The school teachers of Maharajganj in Uttar Pradesh are a worried lot. Gone are the days when they could punish students at will, for the most ridiculous reasons, slap them, beat them with sticks, or make them sit or stand for hours in uncomfortable, painful and awkward positions. The age-old notions of a good teacher – a strict disciplinarian who would use the rod liberally on his students – is being questioned and challenged, by the students themselves.

The students of Maharajganj have raised a new slogan, “Ab na sazaa khayake padi, Chadi Ke Lagal Hathkadi” [There will be no corporal punishment anymore, the stick has been handcuffed!]. And the medium they have chosen to express their ideas is one which would have been dismissed by most teachers as being frivolous and non-serious – Comics.
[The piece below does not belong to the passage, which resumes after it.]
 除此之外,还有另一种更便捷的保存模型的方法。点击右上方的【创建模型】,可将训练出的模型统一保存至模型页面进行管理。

Since May 2008, hundreds of children have participated in comics workshops across villages of Maharajganj, where they learn to make comics themselves and then, teach other children to make comics. Helping the children voice their rebellion against corporal punishment are three non-profit organisations – World Comics India, Gram Niyojan Kendra, and Plan India. The children who are responsible for initiating this revolt are members of the Babu Beheni Manch (Forum for Boys and Girls), a forum existing in several villages of Maharajganj.
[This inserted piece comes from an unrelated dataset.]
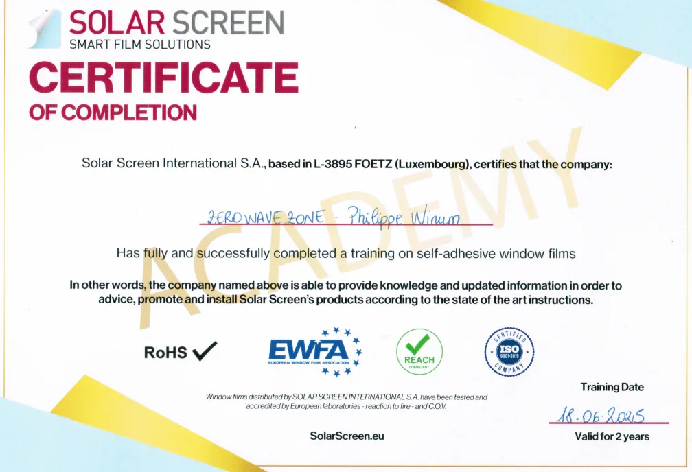 Cette recommandation d’un expert reconnu dans le domaine de la protection électromagnétique nous a naturellement orientés vers Solar Screen. Après avoir testé et validé les performances exceptionnelles de leurs films, ZeroWaveZone a décidé de devenir distributeur officiel en France et poseur agréé de ces solutions innovantes.

The fight against corporal punishment has taken the form of a campaign. In the first phase, two comics trainers’ workshop were held by WCI in May and June, each attended by around twenty children. At the beginning of the workshop, most of these children, despite being victims of corporal punishment, agreed that some degree of it was necessary to discipline and educate children. At the end of the four-day workshop, they would become the most active crusaders against all forms of corporal punishment. In the second phase, each of these newly trained and sensitised comics trainers, in turn, taught children in their own villages to understand and make comics against corporal punishment. The idea of “polemics through comics” has caught the imagination of the villagers of Maharajganj, so much so that even adults have come to the young comics trainers requesting them to teach how to make comics.
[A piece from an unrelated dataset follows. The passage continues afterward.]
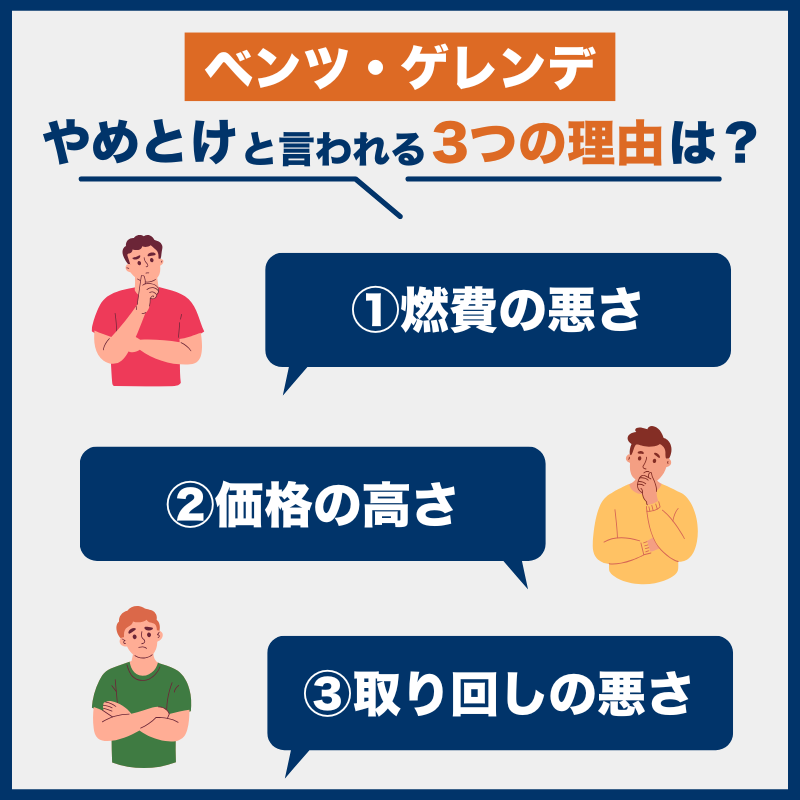 ベンツ・ゲレンデに不満を持つユーザーの多くは、主に燃費・価格・取り回しの3点に課題を感じている傾向があります。

The comics did not merely reflect the anger of children against punishment in school. They also brought to the fore related issues like gender discrimination and the often-invisible violence within homes. Around twenty comics’ workshops have been conducted in the villages by the comics trainers. With every workshop, there was a new association and a new story of corporal punishment. Some children were humiliated in schools for being late or for not paying the fees while girls complained of biases against them at home. Individual stories have got a voice through these comics.

The present focus of the Chadi Ke Lagal Hathkadi campaign is on content development – to identify issues related to corporal punishment, and present them through different forms of comics like comics strips, comics posters and eight-page comics booklets. The most interesting aspect of the campaign is that it is entirely managed by the children themselves – whether it is conducting workshops, organising logistics, or writing songs and slogans. In its final phase, the campaign will produce and display comics based on these issues in the villages and streets of Maharajganj. The children have decided to use theater, dance, songs, wall paintings, radio shows as additional media of expression. A bicycle rally has also been planned to conclude the campaign in Maharajganj

The month of September will be an exciting month, when civil society and the larger community in Maharajganj is expected to respond to the efforts of the children. It is hoped that the positive effects of the campaign will not remain confined to Maharajganj.